I've known Anna (F38) since we were in highschool, we are part of a group of five. Now we hang out as families for christmas, birthdays, Easter, etc. It has been like this for over ten years. My partner Greg (M39) is good friends with Anna's husband, Darren (M39).

Anna recently told me she is having an affair with one of their family friends, who is also Darren's sisters ex partner. At the time, I remained non judgemental and supportive. Once the information set in and I realized how disloyal and gross the whole situation is, my sense of justice and moral compass came into play.
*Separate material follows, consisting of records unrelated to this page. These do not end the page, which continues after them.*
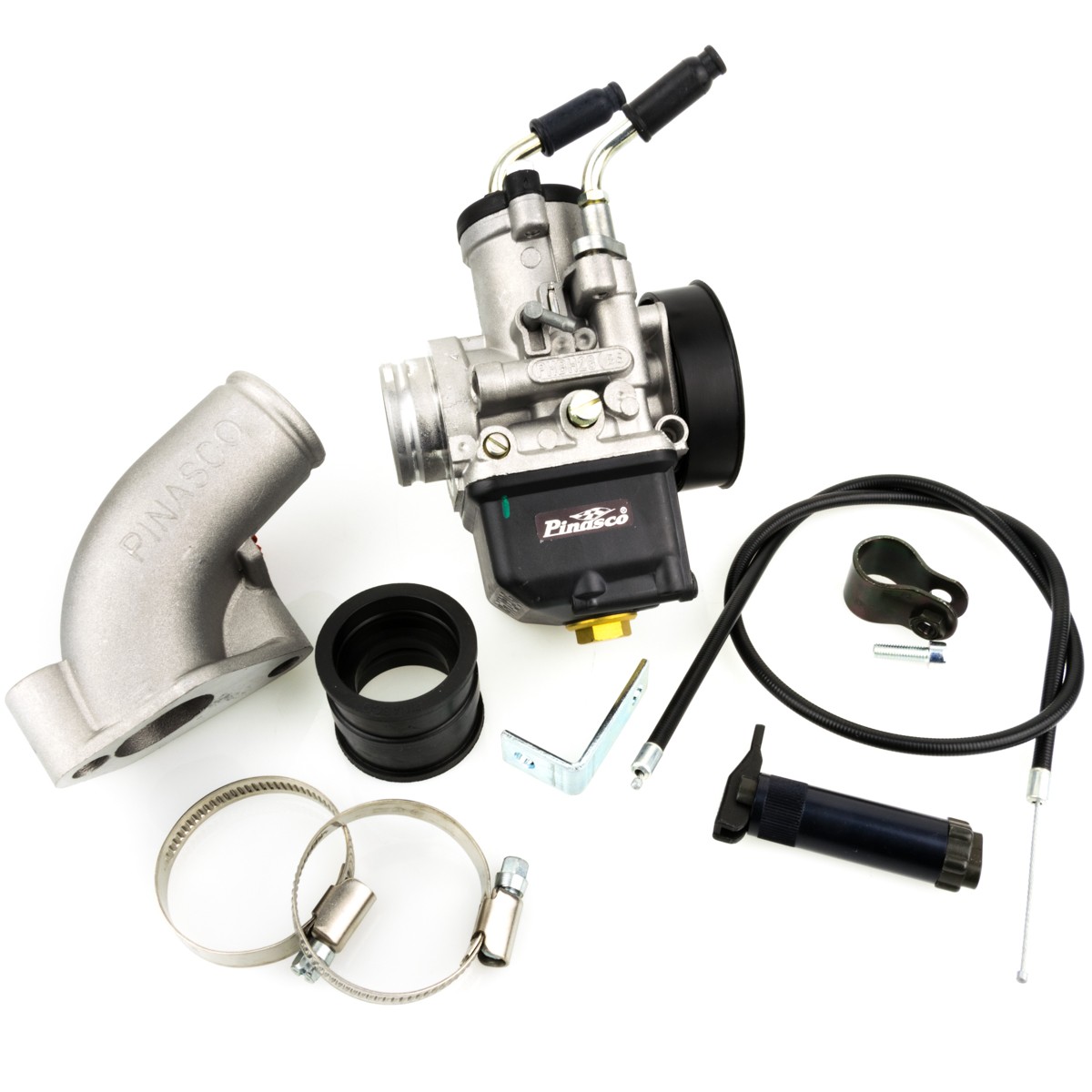 Impianto alimentazioni con carburatori da 28 e 30 mm, adatti a tutti gli scooter elaborati. Vengono forniti con tutti gli accessori per il montaggio e gitarati per ogni Vespa.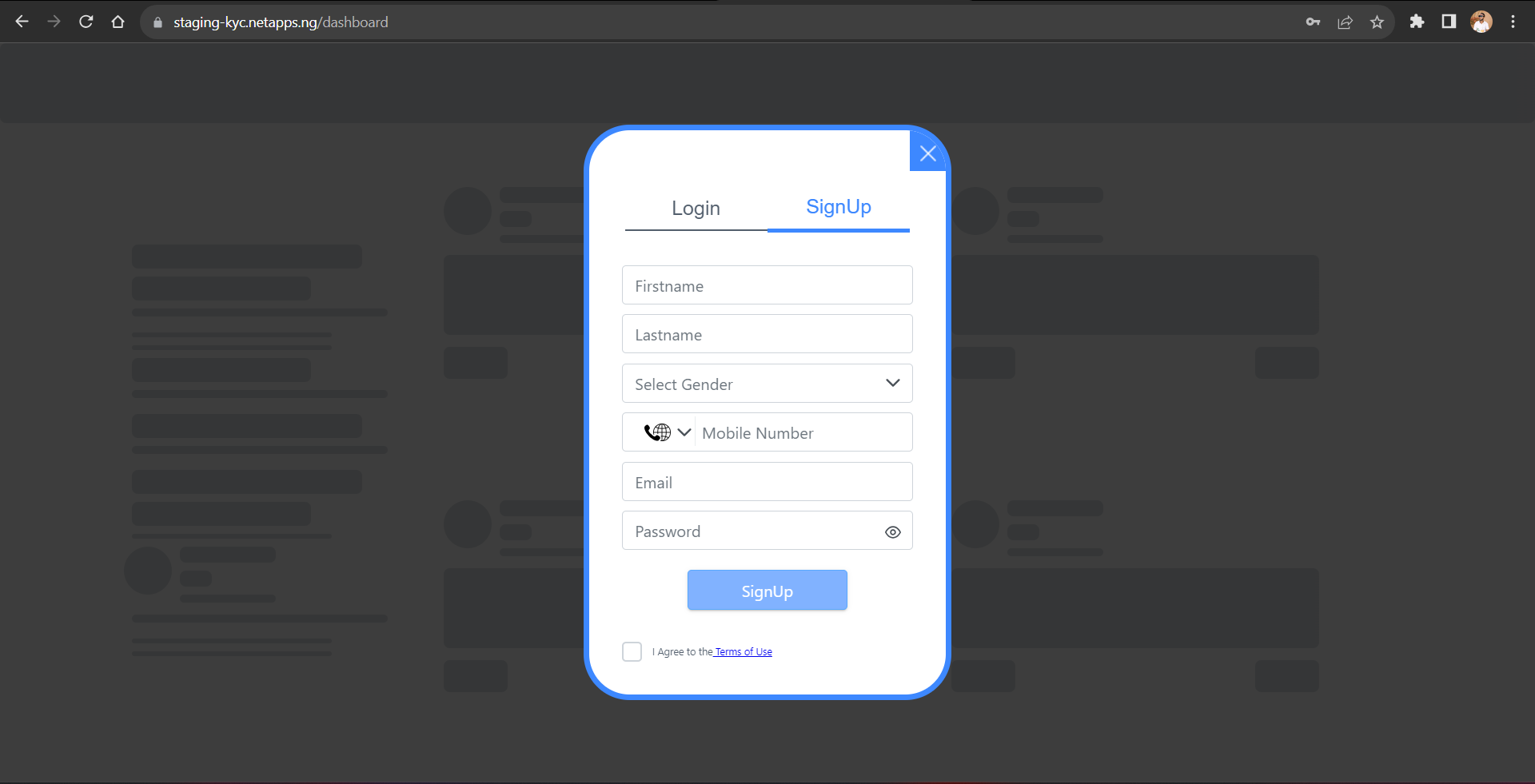 - Enter your First Name, Last Name, select your Gender, your Phone Number, Email Address, create a Password and check the I Agree to the Terms of Use.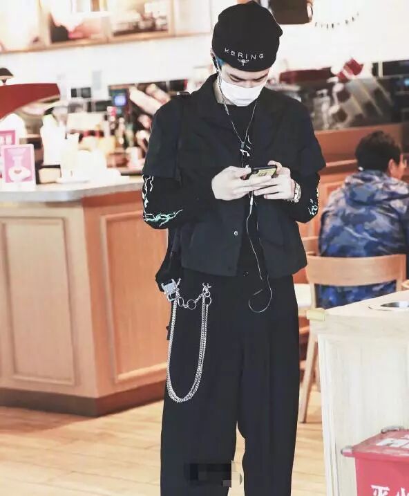 一身黑色的搭配是很多小伙伴都比较喜欢的,不仅仅在女生中可以看到一身黑色的搭配来显瘦,在男生中也有不少的人都喜欢选择一身黑色,这次他在私服中同样是选择了一身的黑色衣服搭配,里面是一件黑色的卫衣,衣服上设计了白色的条纹,让造型看上去可以更多元化很多,在外面搭配了一件纯黑色的短款衬衫作为外套,让整个造型的层次感更加鲜明,下面的是直接搭配了一件宽松的裤子,裤子的设计相对比较简单,不过在一侧设计了链子的元素,让整个造型看上去都更个性,嘻哈了很多。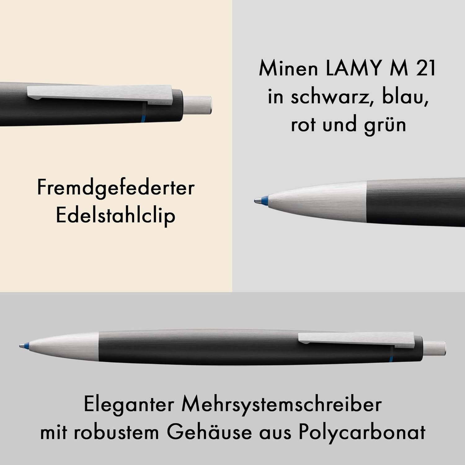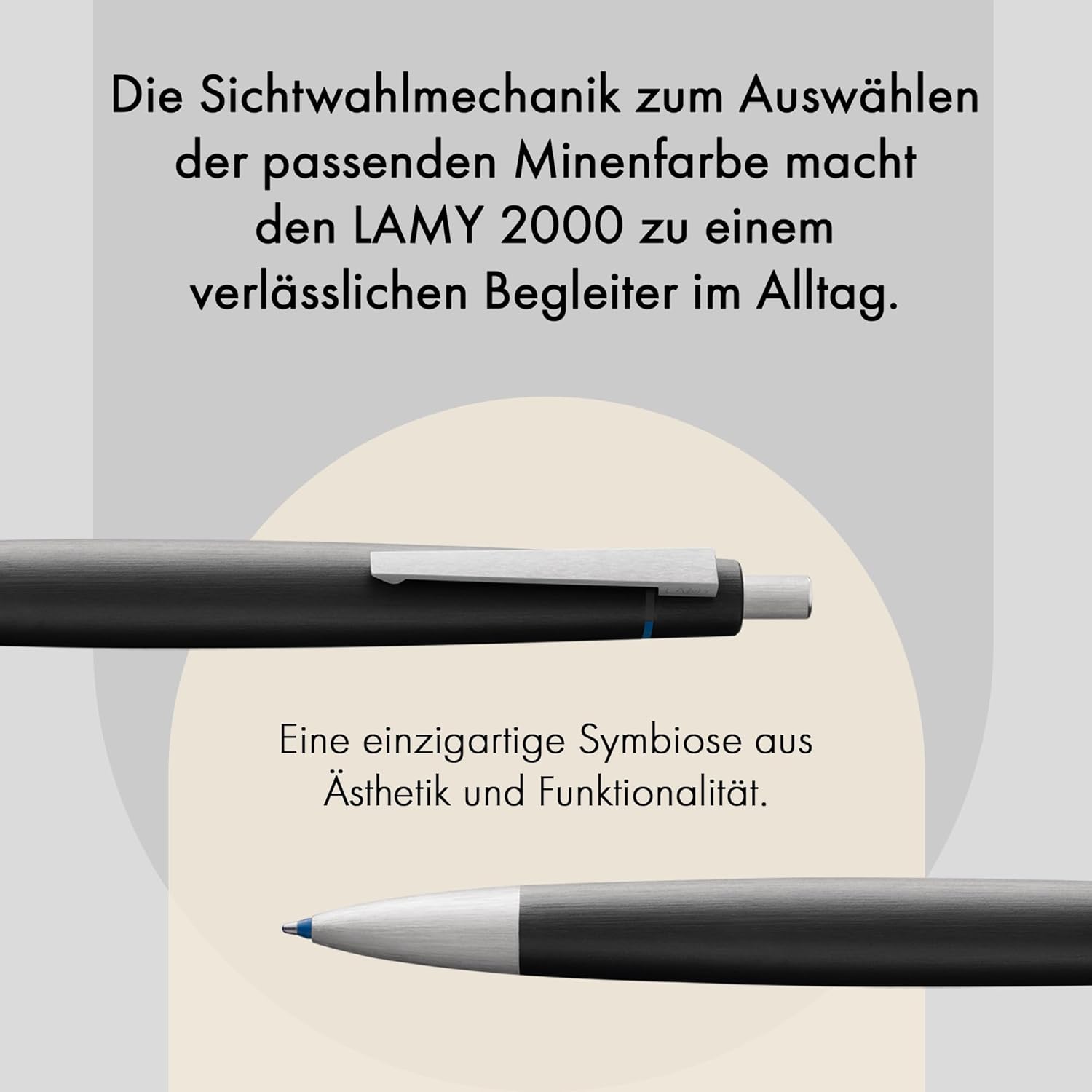„Lamy 2000 multi-system writer. Since 1966, the Lamy 2000 has been writing design history. As a timeless classic, it is still one of the most modern writing instruments. Multi-coloured ballpoint pen with push button mechanism and automatic visual selection. With Lamy M 21 ballpoint pen refills in black, blue, red and green. Brand description: A company with tradition: founded in 1930 by C. Josef Lamy the ink flow technology of the „“““Tintomatik““ of the LAMY 27 leads to the brand breakthrough. The next milestone took place in 1966 with the Lamy 2000 fountain pen. Since then, Lamy’s quality promise has been consistently reflected in every product. Lamy stands for responsible use of ecological, economic and social resources. This is evident from the consistent quality control of the materials and the manufacturing process to the recycling process. The fountain pens are designed for long-term use and thus fulfil the sustainability aspect: that’s what Lamy stands for with its quality promise

Darren is a good man, Anna says he is a wonderful father and husband but she just doesn't feel the connection with him anymore despite faking it the last 6 months to keep her secret under wraps.

I knew keeping this from Greg may backfire on me, if he found out I also hid the secret, so I told him. He is shattered for his mate, and it is eating at him. I've told Anna that Greg knows. She's pissed at me for the betrayal, expecting me to take it to my grave. She knows they're catching up soon and Greg plans to tell him.

Anna has not asked for a seperation because they have an overseas trip coming up in October. She has told me financially that she can't leave. Keeping in mind, she regularly gets expensive treatments like botox and taking roids to have her look her best.

We want to tell Darren about her affair in 2 weeks, will we be the aholes? Side note- some have asked why we are waiting. Greg works away, he is home in 2 weeks (closer to 1.5 weeks now) but feels like due to the nature of the conversation, it should be in person.

He knows Darren will be very upset, possibly angry and wants to be here to support him in those initial moments. I feel like I should also mention there are kids involved. Do we tell him via text sooner?

Here's what top commenters had to say about this one:

mebysical said:

She doesn’t want to tell him because they have an overseas trip coming up? Likely a trip he’s paying for, and she wants to leech off him?? Tell him.

Ok_Young1709 said:

You shouldn't have told her that you told your partner. Now she can do damage control and make you both seem like liars. You do need to tell him sooner or you'll lose him as a friend potentially.

dangerclosemaybe said:

YTA if you don't tell Darren immediately. I'd drop Anna as a friend too.

RickAndToasted said:

It seems like you warned her that you're going to tell her husband? I think that is the decent thing to do, she may not have respect for her marriage or husband but I think you should show her what being honest/having integrity means and tell her that if she doesn't tell him then you/your hubby will let him know on whatever date. Then follow through. Just don't expect him to be grateful for the news. NTA.

ghjkl098 said:

NTA You and your husband are doing the right thing. Be prepared that at least initially he may take us anger out on you. Don’t think that means you did anything wrong.

LameUserName123456 said:

Don't want anyone to know your business? Well then don't tell a single soul about it. Your friend did this to herself. Just like she doesn't have the sense & self control to not cheat on her husband, she doesn't have the sense or self control to keep her mouth shut. You're not obligated to match her moral compass. Do the right thing. NTA.

Smoke__Frog said:

YTA. For not telling Darren right away. Do the right thing.